Energy transmitted by bulb in full solid angle $4\pi {d^2}$to atoms $= 4\pi {d^2}\phi$

$\therefore p \times \pi {r^2}\Delta t = 4\pi {d^2}\phi$

$\Delta t = \dfrac{{4{d^2}\phi }}{{{{\Pr }^2}}}\dfrac{{4 \times 2 \times 2 \times 2 \times 1.6 \times {{10}^{ - 19}}}}{{20 \times 1.5 \times 1.5 \times {{10}^{ - 10}} \times {{10}^{ - 10}}}}\sec$

$\Delta t = \dfrac{{12.8 \times {{10}^{ - 19 + 20}}}}{{5 \times 2.25}}$

$= \dfrac{{128}}{{12.25}}$

$= 11.4\;\sec$

(iv) Number of photons acquired by one atomic disk in time $\Delta t$

$N = \dfrac{{{n_1}{r^2}\Delta t}}{{4\pi {d^2}}}$

$= \dfrac{{{n_1}{r^2}\Delta t}}{{4{d^2}}}$

$= \dfrac{{5 \times {{10}^{19}} \times 1.5 \times 1.5 \times {{10}^{ - 20}} \times 11.4}}{{4 \times 2 \times 2}}$[${n_1}$from part (i) from part (iii)]
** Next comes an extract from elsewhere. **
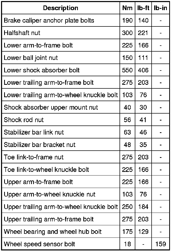 Torque Specifications

$N = \dfrac{{12.25 \times 11.4 \times {{10}^{ - 1}}}}{{8 \times 2 \times 2}} \approx 0.80 \cong 1\;photon\,per\,atom$

$N = 1\,photon\;per\,atom$.

(v) $11.4\;\sec$  is the time of emission of electrons. Thus, photoelectric emission is not an immediate problem. Thus, it takes about $11.4\,\sec$. There is a collision among photon and free electron and nucleus in photoelectric which lasts for very short time interval $\left( {{{10}^{ - 9}}\sec } \right)$therefore we say photoelectric emission is expeditious.